[Data provided]:

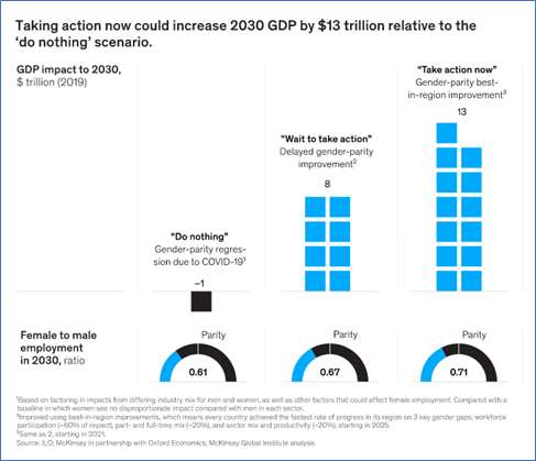 Deeper research shows that women may be in a position now, more than ever, to address these persistent issues. This crisis behind the health crisis is gaining national and international attention. In recent years, research has exhibited that women in the demographics known as millennials, are being faced with unexpected issues in the workplace that their former female professional (elders) may not have been able to address. One of which is the pay gap. Although working 9-to-5 (with a Dolly Parton tune playing in the background) was a feat unto itself, gender parity, as it is known, is the challenge of the moment. States and some federal laws have taken some high roads towards labor laws, but there still is a glaring difference in how a women is paid in the same role if filled by a man. In fact, Mckinsey has reported that if we “Act Now” on gender parity, GDP could increase by $13 trillion in 2030.
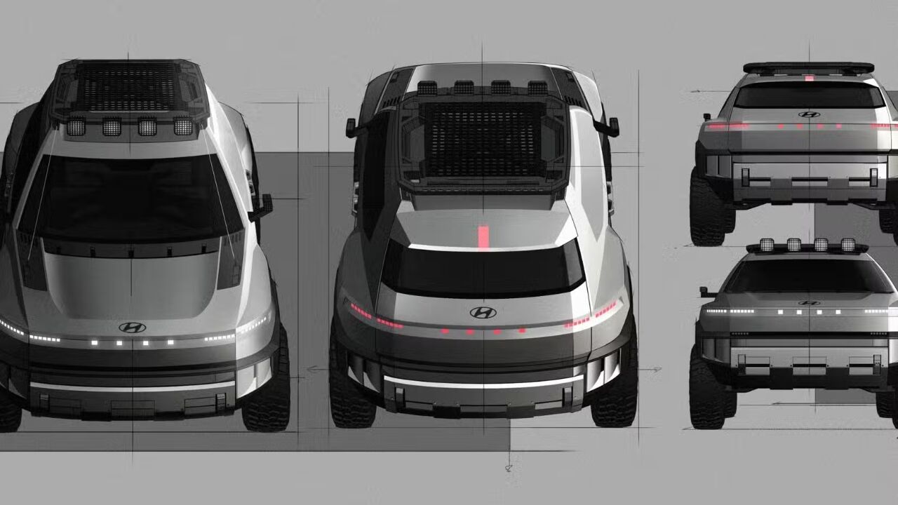 Hyundai द्वारा जारी स्केच इसके रग्ड और एडवेंचर-फोकस्ड डिजाइन को उजागर करते हैं। यह एक शो व्हीकल है, जिसे Hyundai America Technical Center (HATCI), इरविन (कैलिफोर्निया) में विकसित किया गया है। Crater Concept को इस तरह डिजाइन किया गया है कि यह Hyundai की XRT लाइनअप—जैसे Ioniq 5 XRT, Santa Cruz XRT और नई Palisade XRT Pro—की ऑफ-रोड DNA को और मज़बूत करे।
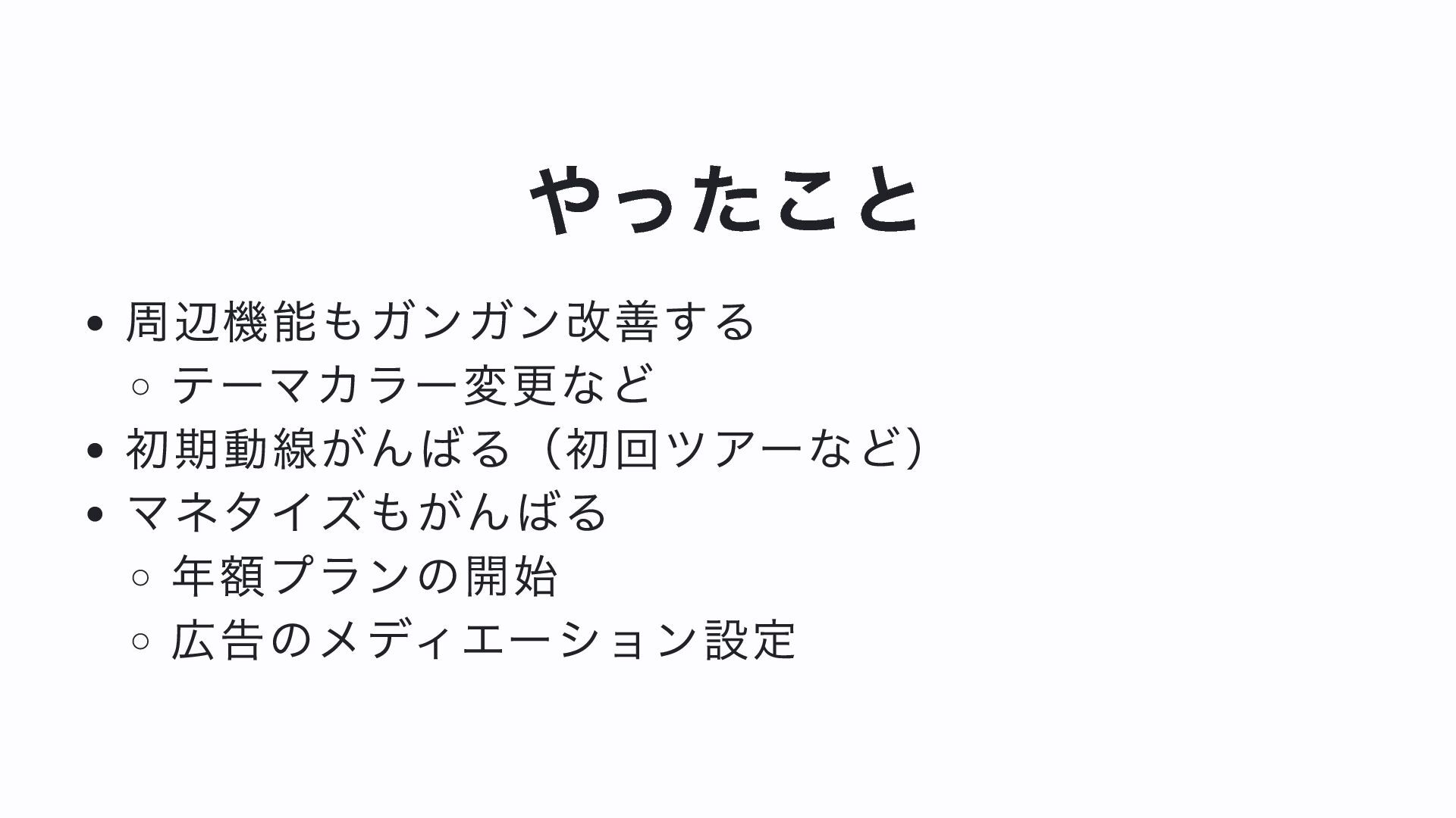 やったこと 周辺機能もガンガン改善する テーマカラー変更など 初期動線がんばる(初回ツアーなど) マネタイズもがんばる 年額プランの開始 広告のメディエーション設定
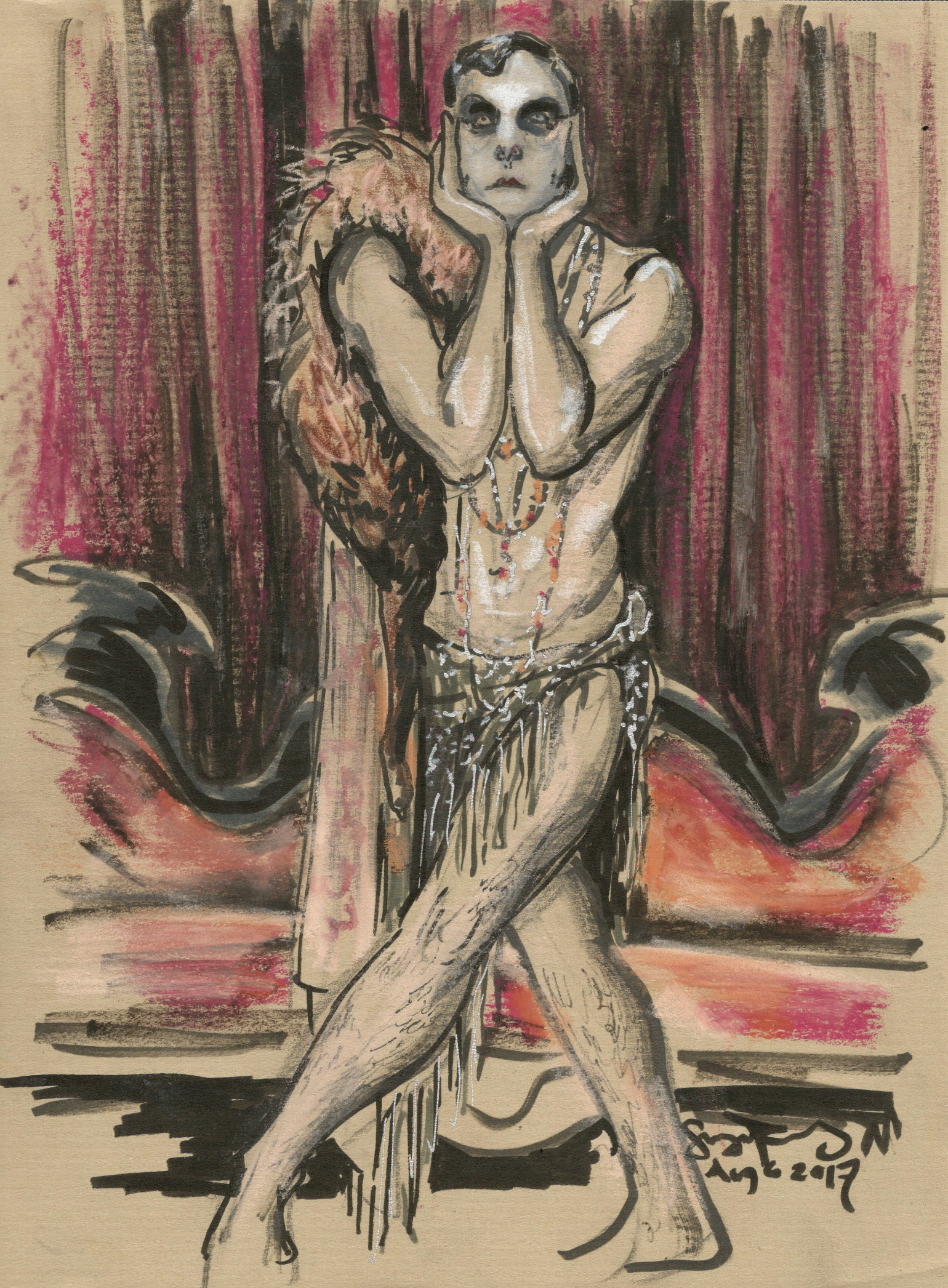 Le Pustra posing at Dr Sketchys Berlin by Suzanne Forbes at Dr Sketchys Berlin Aug 6 2017
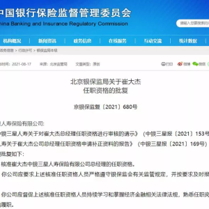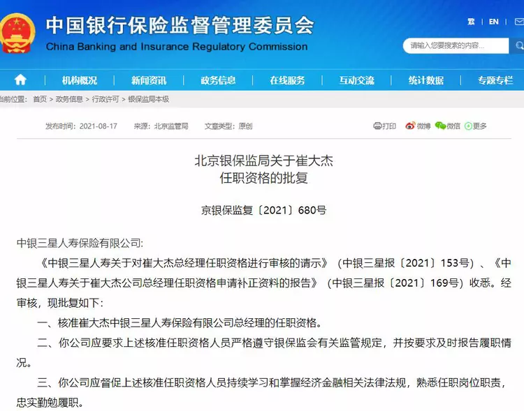 8月17日,北京银保监局发布行政许可信息称,核准崔大杰中银三星人寿保险有限公司(以下简称“中银三星人寿”)总经理的任职资格。CXO UNION CXO联盟 cxounion.cn

[Work item]: From the data above, return only the lines starting at the line that holds "Hyundai द्वारा जारी" and ending at the line that holds "やったこと 周辺機能もガンガン改善する テーマカラー変更など", word for word and without pictures.

[Solution to this task]:
 Hyundai द्वारा जारी स्केच इसके रग्ड और एडवेंचर-फोकस्ड डिजाइन को उजागर करते हैं। यह एक शो व्हीकल है, जिसे Hyundai America Technical Center (HATCI), इरविन (कैलिफोर्निया) में विकसित किया गया है। Crater Concept को इस तरह डिजाइन किया गया है कि यह Hyundai की XRT लाइनअप—जैसे Ioniq 5 XRT, Santa Cruz XRT और नई Palisade XRT Pro—की ऑफ-रोड DNA को और मज़बूत करे।
 やったこと 周辺機能もガンガン改善する テーマカラー変更など 初期動線がんばる(初回ツアーなど) マネタイズもがんばる 年額プランの開始 広告のメディエーション設定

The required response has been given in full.